» Exercise requirements
Print, word for word, the opening line of the data below and every line after it through the line that contains "Um padrão muito", but not the pictures.

» Records for this exercise

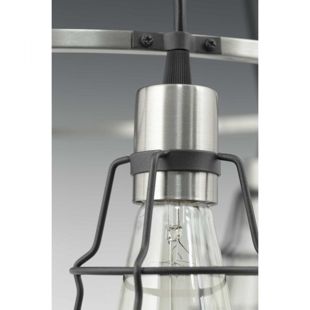 Graphite finish with Brushed Nickel accents.;Industrial inspired design.;Features an open cage with hinged door.;Shown with Vintage lamp (P7825-01).;Brushed Nickel accents.
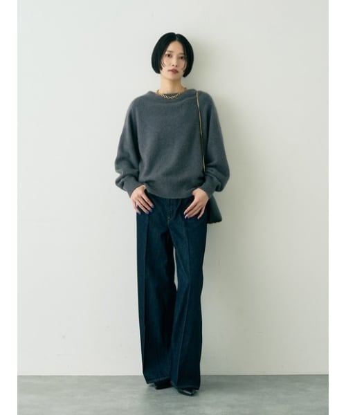 ふんわり暖かく上品なゆるシルエットニット。 シンプルながらも素材の風合いが引き立ち、女性らしい柔らかな雰囲気を演出。
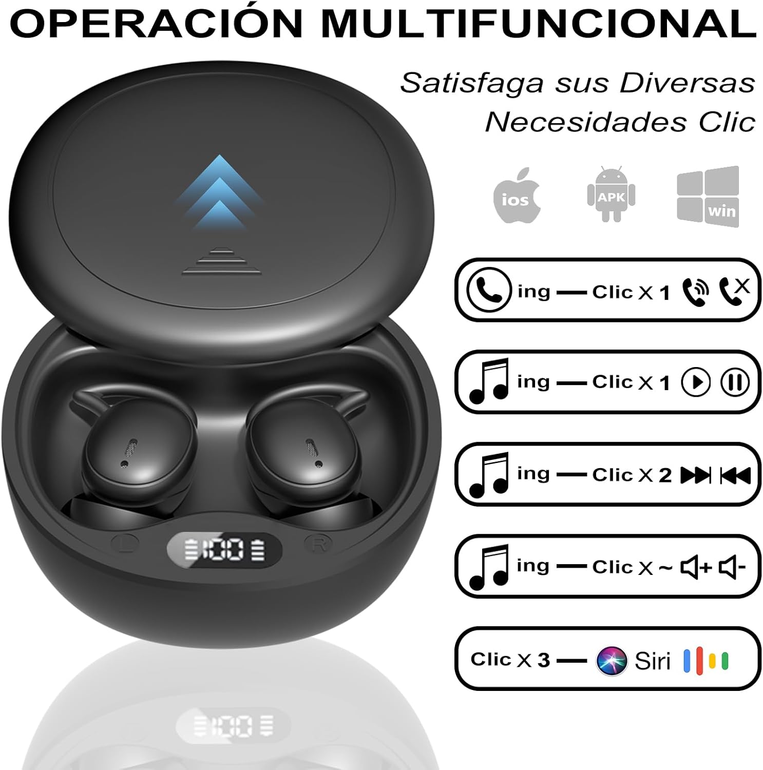 TRYXZSZ Audifonos para Dormir, Audífonos Inalámbricos con Cancelación de Ruido, Audífonos Bluetooth Semi-In-Ear, Calidad de Sonido Sin Pérdida, Cómodo Usar, Bluetooth 5.46 (Negro) (Negro)
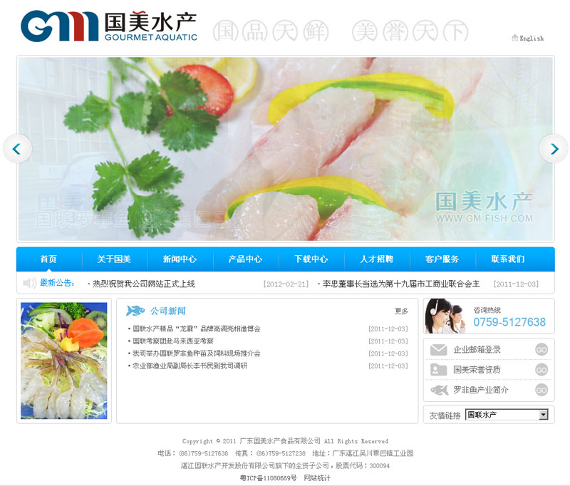 广东国美水产食品有限公司网站项目验收完成并上线运营,网址:http://www.gm-fish.com
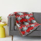 Um padrão muito festivo de homens de neve, dançando na neve e cercados por árvores prateadas de Natal. Este cobertor de Natal vermelho e bonito vai definitivamente adicionar um toque de alegria de férias à sua casa para o feriado.
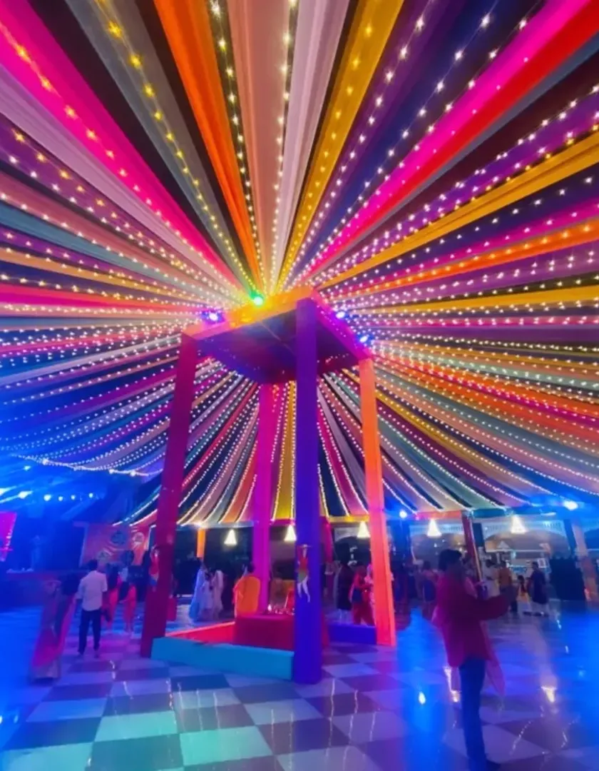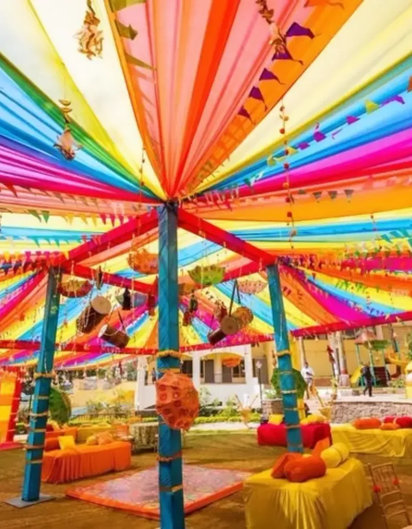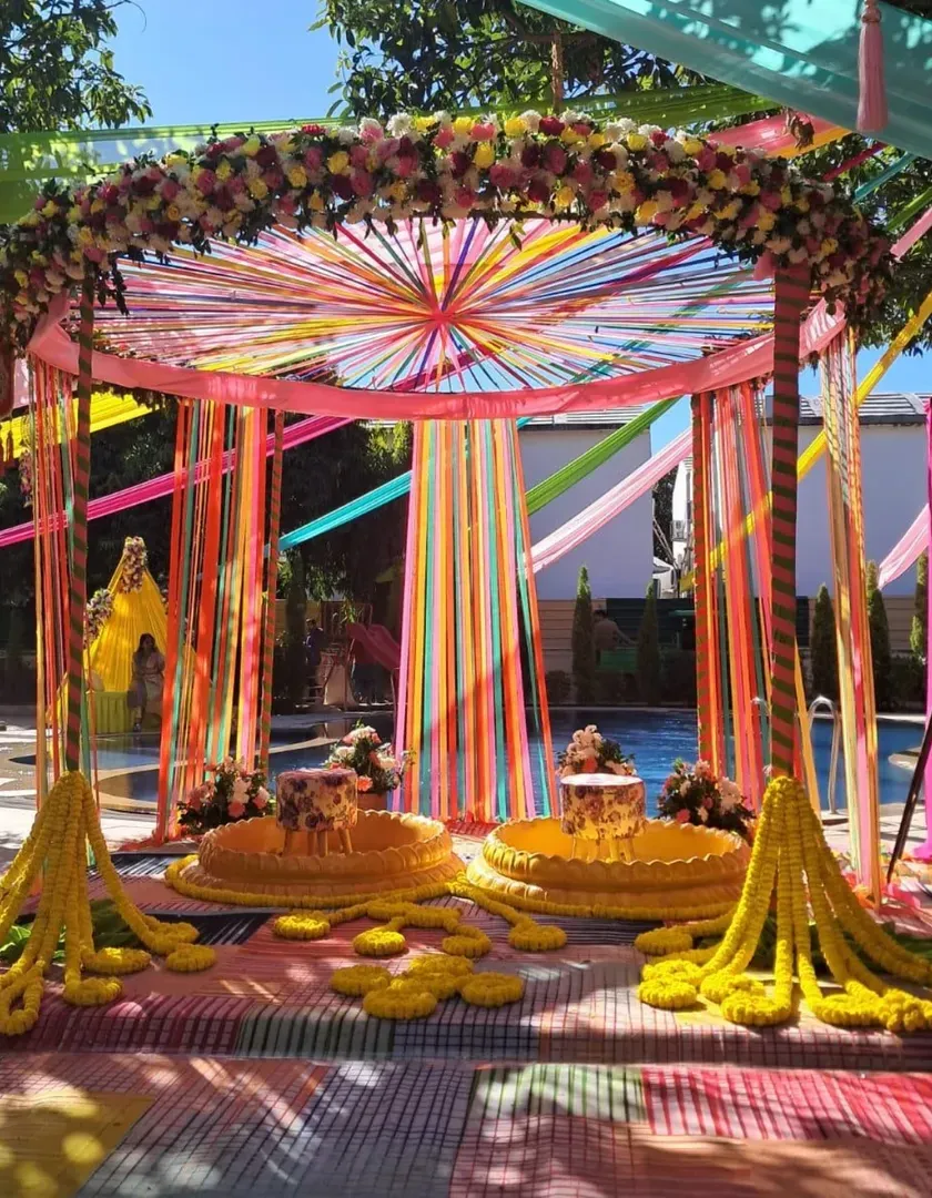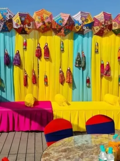 I specialize in creating lively and colorful Haldi and Mehendi environments. My designs range from traditional setups with abundant marigolds (genda) to quirky, boho-chic themes using bright fabrics, Rajasthani puppets, and decorative umbrellas.
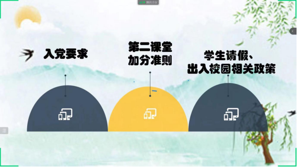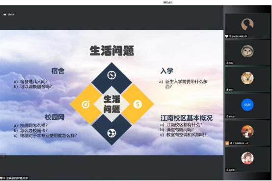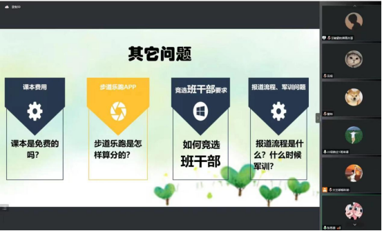 随后,团总支员工干部黄佳怡讲解了团关系转接流程、国家奖学金获得者杨浩源对如何安排大学一年级学习介绍了自己的经验、员工会干部张思源、董帅等人分别介绍了参选班干部、乐跑步道、宿舍分配、校园环境等新生关心的其他问题。
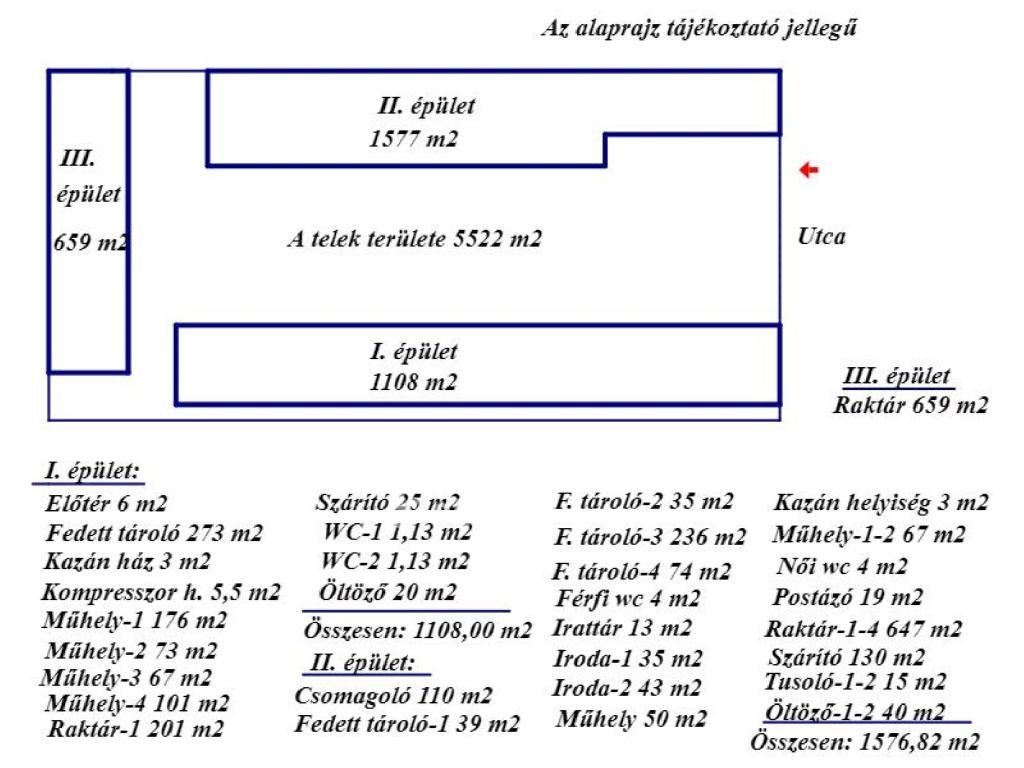 Békés vármegye, Mezőkovácsházán az Alkotmány utcában, összesen 3343 m2 beépített alapterületű IPARI TELEPHELY ingatlan ELADÓ. A telek területe 7167 m2. Az ingatlan elektromos áram (380 V is), vezetékes víz, vezetékes gáz közművekkel rendelkezik. A telephely elektromos áram igénye, napelem rendszeren keresztül biztosított. A telken 3 épület található. Épület1: 1108 m2 alapterületű több helyiségből álló épület, mely tégla falazatú alu tarpézlemezes tetőborítású. A helyiségek aljzata betonozott. A fűtése gázkonvektor, illetve mennyezeti elektromos fűtés. Épület2: hagyományos építési móddal készült, összesen 1577 m2 alapterületű, iroda és szociális funkcióval rendelkező épület: az irodák, női-férfi wc, előtér kerámia lap, a tusolók, öltözők mettlachi lap, a raktárak, tárolók, betonozott aljzatúak. Fűtése: gáz-cirkó rendszerű, radiátoros hő leadással. Épület3: 659 m2 alapterületű, acél tartóoszlop szerkezetű, szendvicspanel burkolattal, betonozott aljzattal. A telephely udvara aszfaltozott. Az ingatlan együttes, üzemnek, telephelynek, raktárnak, logisztikai központnak egyaránt tökéletes választás. A létesítmény jelenleg is működő cég tulajdonában van, opcionálisan a céggel együtt is megvásárolható. A feltüntetett irányár az ÁFÁ-t nem tartalmazza. Amennyiben érdeklődését felkeltettem, az ingatlan előre egyeztetett időpontban megtekinthető! Az ingatlan megvásárlásához kedvező feltételű, akár FIX kamatozású, hitel is igényelhető, melynek intézéséhez ingyenes segítség áll a leendő vásárlók rendelkezésére. Az OTP Ingatlanpont eladó és kiadó ingatlanokat keres, magyar és külföldi ügyfelei részére, teljes körű pénzügyi ügyintézéssel! Hibás hirdetés bejelentése
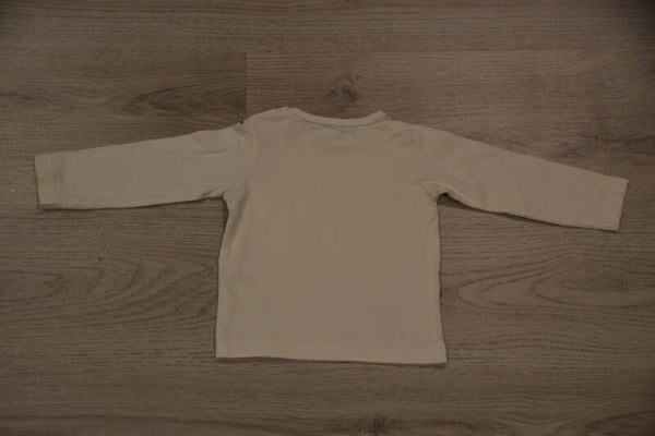 Wit shirt met lange mouwen van de Hema maat 62-68. Op het uiteinde van de mouw zit een vlek.
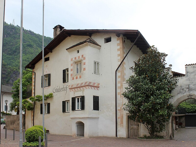 From a medieval core, remodelled in the 17th century during the Renaissance, a pointed-arch courtyard gate with stone surround and family crest leads onto the street. The stone archway features the letter "A" with an arrow as a bar. Above the front door is a coat of arms in stone consisting of three wavelike curving lines and the initials "L.H.". The ribbed vault and shouldered-arch doors date from 1500; the stone-framed rectangular and double-arched windows, as well as a bay on the façade, are from the 17th century.

» Task result
 Graphite finish with Brushed Nickel accents.;Industrial inspired design.;Features an open cage with hinged door.;Shown with Vintage lamp (P7825-01).;Brushed Nickel accents.
 ふんわり暖かく上品なゆるシルエットニット。 シンプルながらも素材の風合いが引き立ち、女性らしい柔らかな雰囲気を演出。
 TRYXZSZ Audifonos para Dormir, Audífonos Inalámbricos con Cancelación de Ruido, Audífonos Bluetooth Semi-In-Ear, Calidad de Sonido Sin Pérdida, Cómodo Usar, Bluetooth 5.46 (Negro) (Negro)
 广东国美水产食品有限公司网站项目验收完成并上线运营,网址:http://www.gm-fish.com
 Um padrão muito festivo de homens de neve, dançando na neve e cercados por árvores prateadas de Natal. Este cobertor de Natal vermelho e bonito vai definitivamente adicionar um toque de alegria de férias à sua casa para o feriado.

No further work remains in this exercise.